Exercise objective: For the listing below, the answer is an exact retyping of the lines from the one with "Вся продукция, выпускаемая" through the one with "新品 未使用 パキスタン製", both included, without pictures.

Data shown:

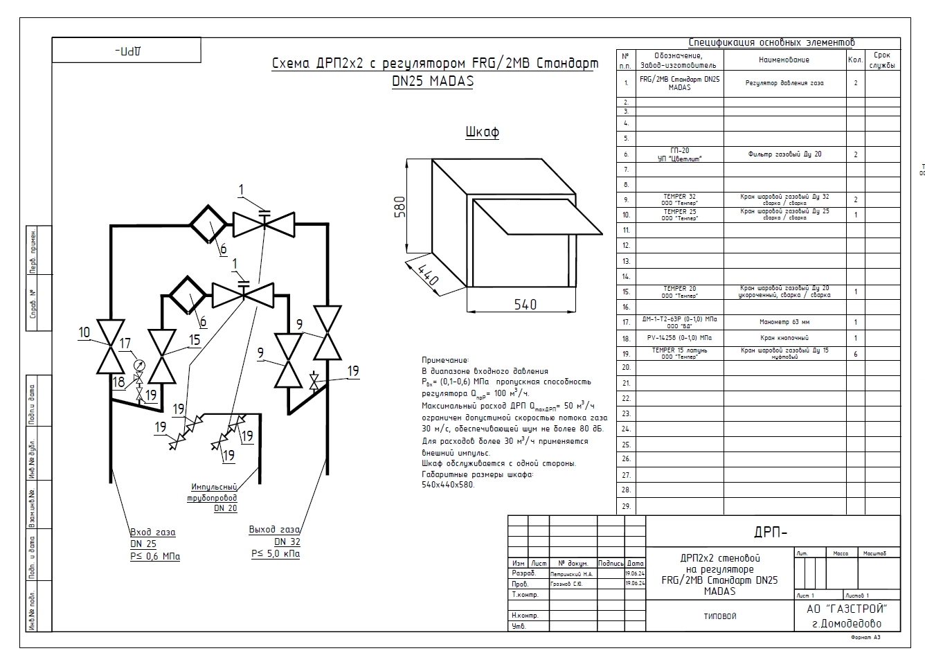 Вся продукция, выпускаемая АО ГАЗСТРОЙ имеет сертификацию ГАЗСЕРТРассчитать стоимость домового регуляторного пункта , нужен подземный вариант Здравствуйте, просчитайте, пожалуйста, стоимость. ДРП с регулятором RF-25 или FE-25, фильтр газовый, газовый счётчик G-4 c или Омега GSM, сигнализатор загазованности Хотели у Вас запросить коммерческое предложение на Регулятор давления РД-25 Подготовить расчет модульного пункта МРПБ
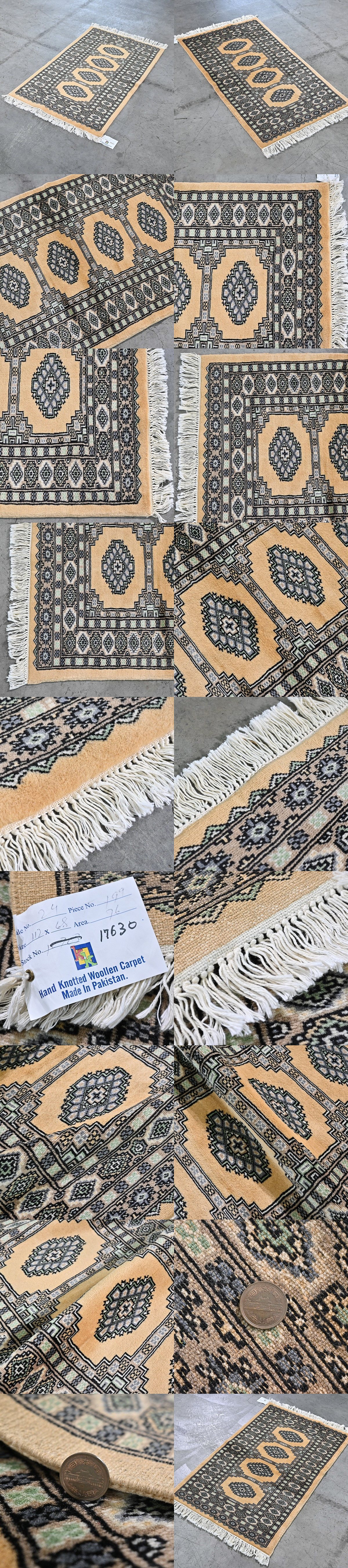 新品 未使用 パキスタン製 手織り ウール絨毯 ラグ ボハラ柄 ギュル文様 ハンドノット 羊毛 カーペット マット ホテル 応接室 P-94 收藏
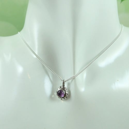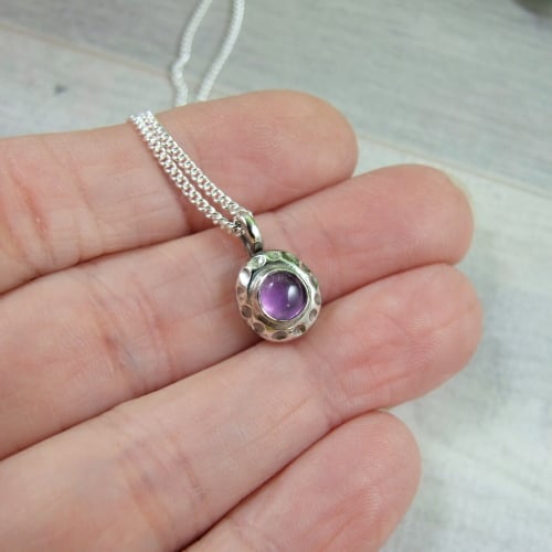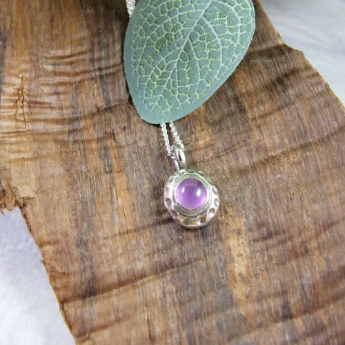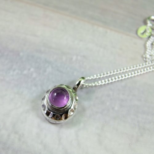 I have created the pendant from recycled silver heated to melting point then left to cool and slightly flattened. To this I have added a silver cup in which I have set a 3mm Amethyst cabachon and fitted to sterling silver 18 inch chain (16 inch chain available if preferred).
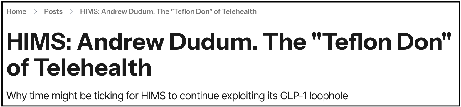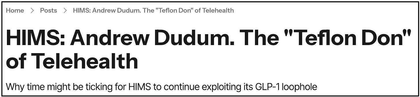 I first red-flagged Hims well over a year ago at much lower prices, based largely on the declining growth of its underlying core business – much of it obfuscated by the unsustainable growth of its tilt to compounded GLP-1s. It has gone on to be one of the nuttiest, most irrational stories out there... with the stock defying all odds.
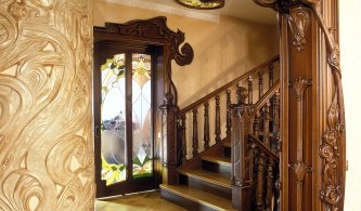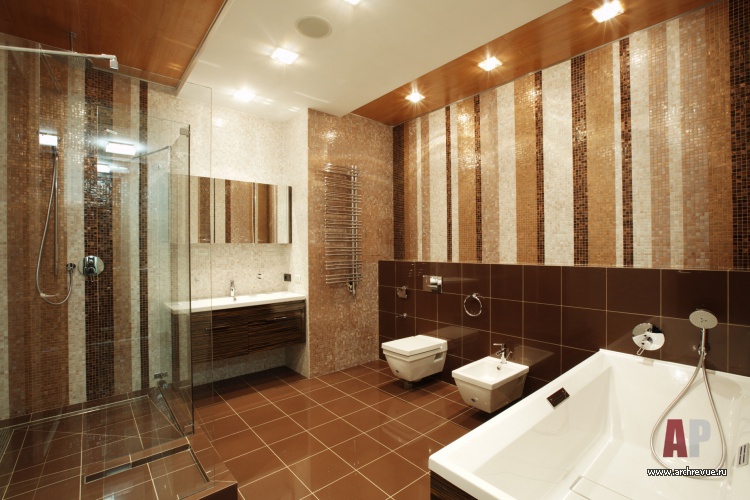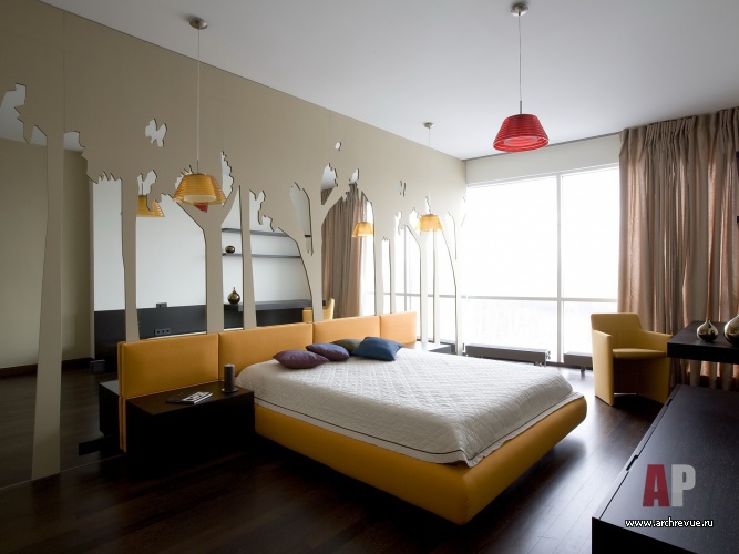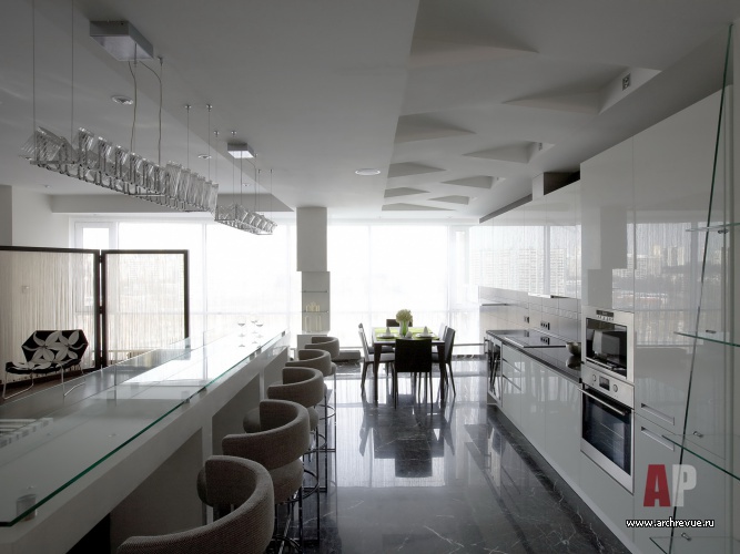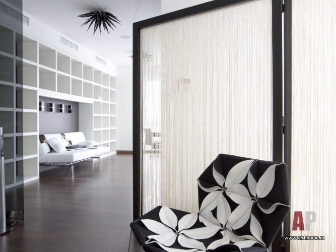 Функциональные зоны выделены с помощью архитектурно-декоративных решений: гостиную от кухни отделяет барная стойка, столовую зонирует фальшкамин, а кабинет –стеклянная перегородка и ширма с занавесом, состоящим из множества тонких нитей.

---

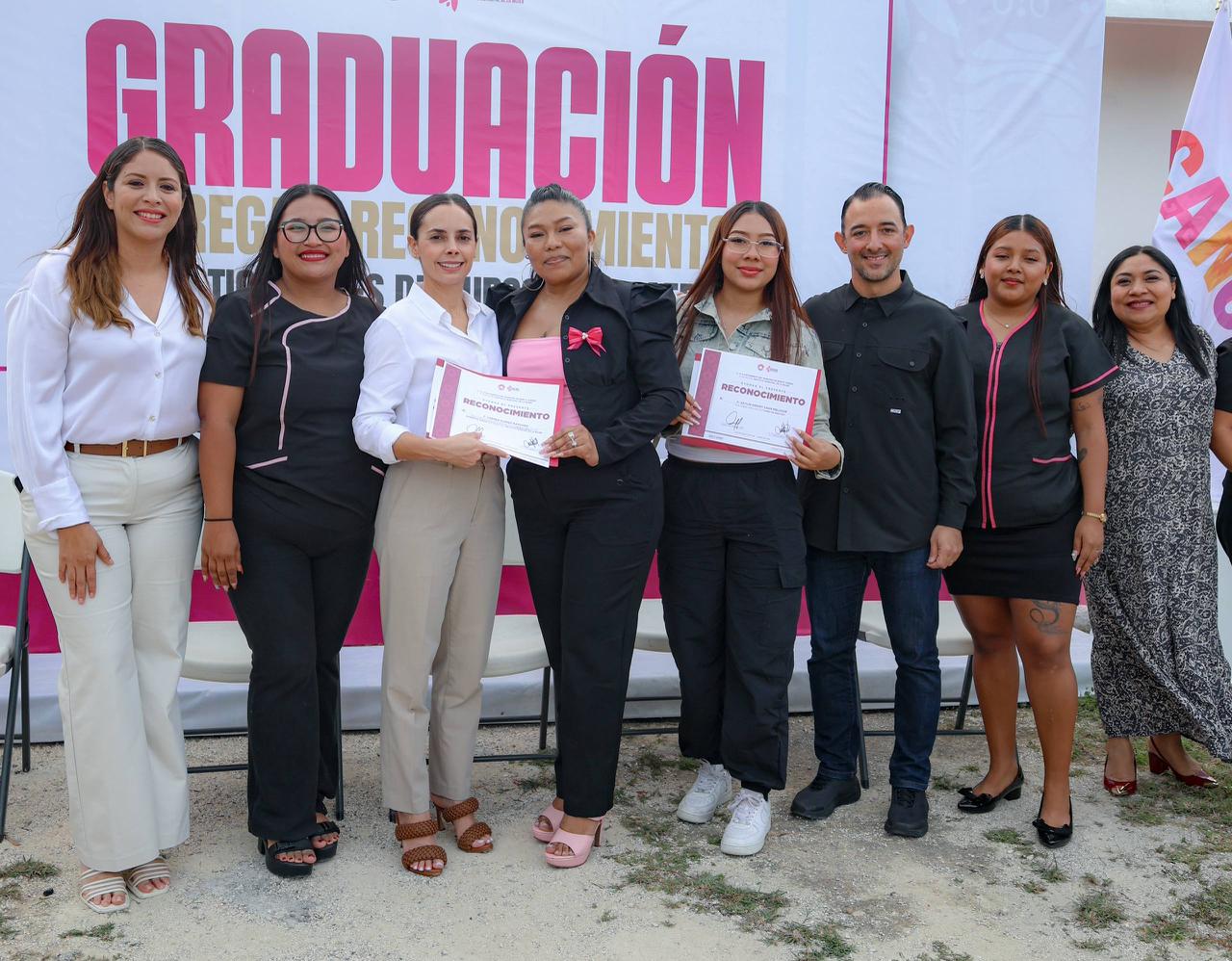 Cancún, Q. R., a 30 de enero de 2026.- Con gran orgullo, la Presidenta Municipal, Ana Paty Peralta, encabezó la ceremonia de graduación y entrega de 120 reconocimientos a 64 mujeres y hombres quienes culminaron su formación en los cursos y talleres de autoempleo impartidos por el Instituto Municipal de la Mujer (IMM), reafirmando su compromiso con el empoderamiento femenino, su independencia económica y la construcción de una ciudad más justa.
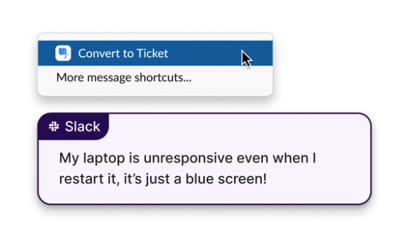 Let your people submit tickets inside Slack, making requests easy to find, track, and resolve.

Solution for this task:
 Вся продукция, выпускаемая АО ГАЗСТРОЙ имеет сертификацию ГАЗСЕРТРассчитать стоимость домового регуляторного пункта , нужен подземный вариант Здравствуйте, просчитайте, пожалуйста, стоимость. ДРП с регулятором RF-25 или FE-25, фильтр газовый, газовый счётчик G-4 c или Омега GSM, сигнализатор загазованности Хотели у Вас запросить коммерческое предложение на Регулятор давления РД-25 Подготовить расчет модульного пункта МРПБ
 新品 未使用 パキスタン製 手織り ウール絨毯 ラグ ボハラ柄 ギュル文様 ハンドノット 羊毛 カーペット マット ホテル 応接室 P-94 收藏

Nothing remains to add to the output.